## Assigned task
Below, find the line containing "ComSaf Large Spice" and the line containing "We will take"; reproduce exactly those two and every line between them, omitting pictures.

Start of Given entries

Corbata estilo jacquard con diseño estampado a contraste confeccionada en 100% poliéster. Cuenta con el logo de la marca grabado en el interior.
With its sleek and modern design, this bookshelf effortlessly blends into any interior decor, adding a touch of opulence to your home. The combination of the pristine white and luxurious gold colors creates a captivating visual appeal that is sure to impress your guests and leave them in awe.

End of Given entries
Start of Given entries

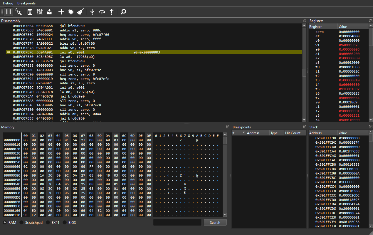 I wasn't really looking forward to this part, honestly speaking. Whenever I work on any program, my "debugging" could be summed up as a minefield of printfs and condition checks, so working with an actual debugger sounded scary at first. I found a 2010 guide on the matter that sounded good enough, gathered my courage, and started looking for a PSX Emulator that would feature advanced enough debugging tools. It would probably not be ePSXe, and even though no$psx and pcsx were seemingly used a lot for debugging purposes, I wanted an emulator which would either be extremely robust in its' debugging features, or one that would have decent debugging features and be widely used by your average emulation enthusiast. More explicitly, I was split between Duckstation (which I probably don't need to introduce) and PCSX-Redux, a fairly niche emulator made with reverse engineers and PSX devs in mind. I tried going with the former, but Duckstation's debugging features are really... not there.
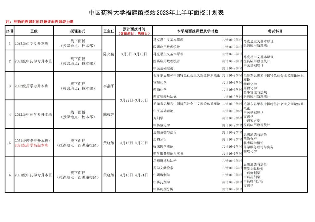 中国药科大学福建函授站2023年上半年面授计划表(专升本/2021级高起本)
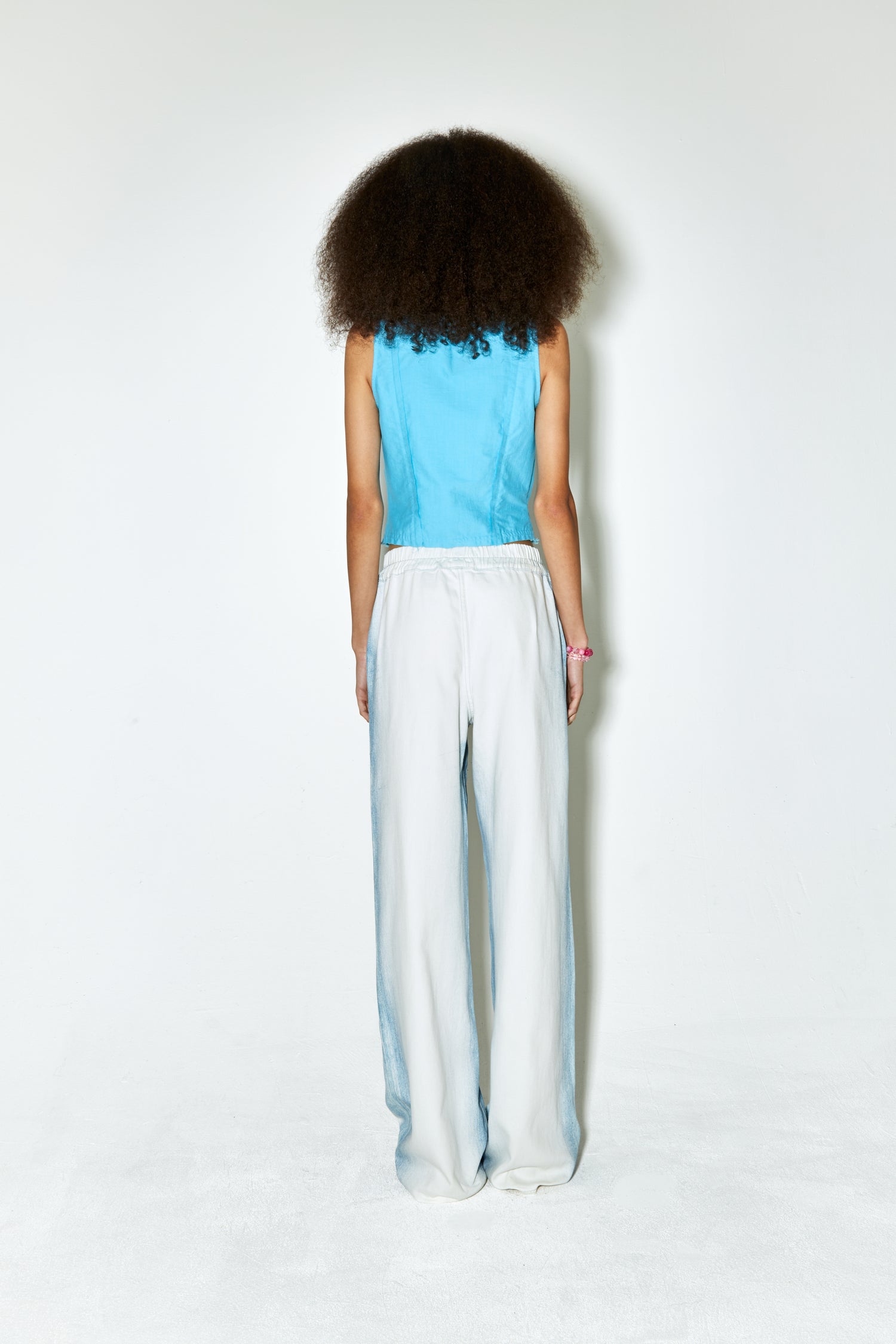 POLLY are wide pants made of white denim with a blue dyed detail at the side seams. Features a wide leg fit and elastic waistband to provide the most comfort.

End of Given entries
Start of Given entries

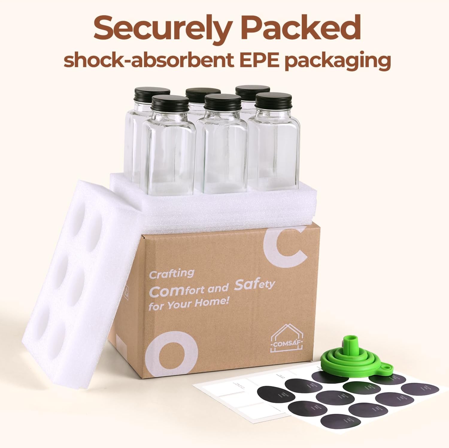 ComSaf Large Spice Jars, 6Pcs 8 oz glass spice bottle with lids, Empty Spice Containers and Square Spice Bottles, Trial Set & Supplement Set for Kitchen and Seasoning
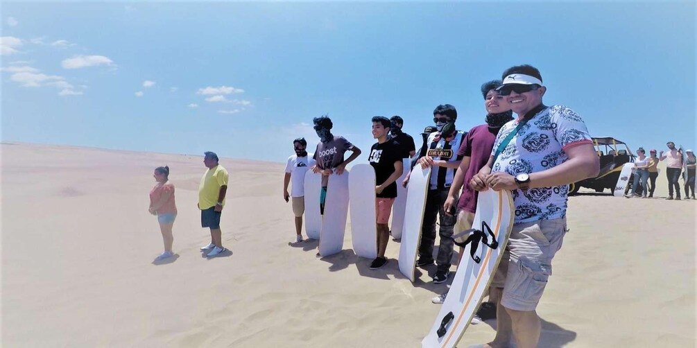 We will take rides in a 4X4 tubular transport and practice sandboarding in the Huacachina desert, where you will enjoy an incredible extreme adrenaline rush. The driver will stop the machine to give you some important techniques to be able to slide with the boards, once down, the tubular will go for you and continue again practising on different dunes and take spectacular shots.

End of Given entries

## Response for this exercise
 ComSaf Large Spice Jars, 6Pcs 8 oz glass spice bottle with lids, Empty Spice Containers and Square Spice Bottles, Trial Set & Supplement Set for Kitchen and Seasoning
 We will take rides in a 4X4 tubular transport and practice sandboarding in the Huacachina desert, where you will enjoy an incredible extreme adrenaline rush. The driver will stop the machine to give you some important techniques to be able to slide with the boards, once down, the tubular will go for you and continue again practising on different dunes and take spectacular shots.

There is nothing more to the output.